According the Fair Trade Federation, the 9 Principles of fair trade are:
- Creating opportunities for economically and socially marginalized producers
- Developing transparent and accountable relationships
- Building capacity
- Promoting fair trade
- Paying promptly and fairly
- Supporting safe and empowering working conditions
- Ensuring the rights of children
- Cultivating environmental stewardship
- Respecting cultural identity

Trading Ideas: Carmen Iezzi, Executive Director of the Fair Trade Federation,
opens up on
why consumers should be nosier, why chocolate is often more bitter than sweet, and how we all have more power than we realize.
Traditionally, the lion's share of the profits from these goods goes to big companies, and the poorest are marginalized. The fair trade movement calls for companies to pay fair prices to those who make and grow the things we buy. This can make a huge difference toward better wealth distribution. Buying fair trade products is a very powerful way that we, as consumers, can help reduce poverty in the developing world.
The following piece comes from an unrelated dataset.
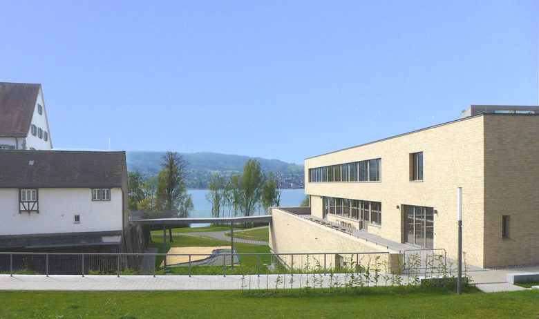 Die bestehende Schule ‚Schloss Gaienhofen‘ wird um zwei Neubauten erweitert, das Campusgebäude mit Schulsporthalle, Lehrerzimmer und Unterrichtsräumen sowie das Musikgebäude mit Unterrichtsräumen als eingeschossige Aufstockung auf das bestehende Gemeindehaus.

The fair trade movement has gained a lot of momentum over the last decade. Even though fairly traded agricultural products still represent a very tiny percentage of world agricultural trade (around 0.1%), fair trade sales have been growing more than 20% every year since 2000. Fair trade is moving out of niche markets and into mainstream distribution channels, and is increasingly being recognized by consumers, public authorities and private companies as a tool for social sustainability.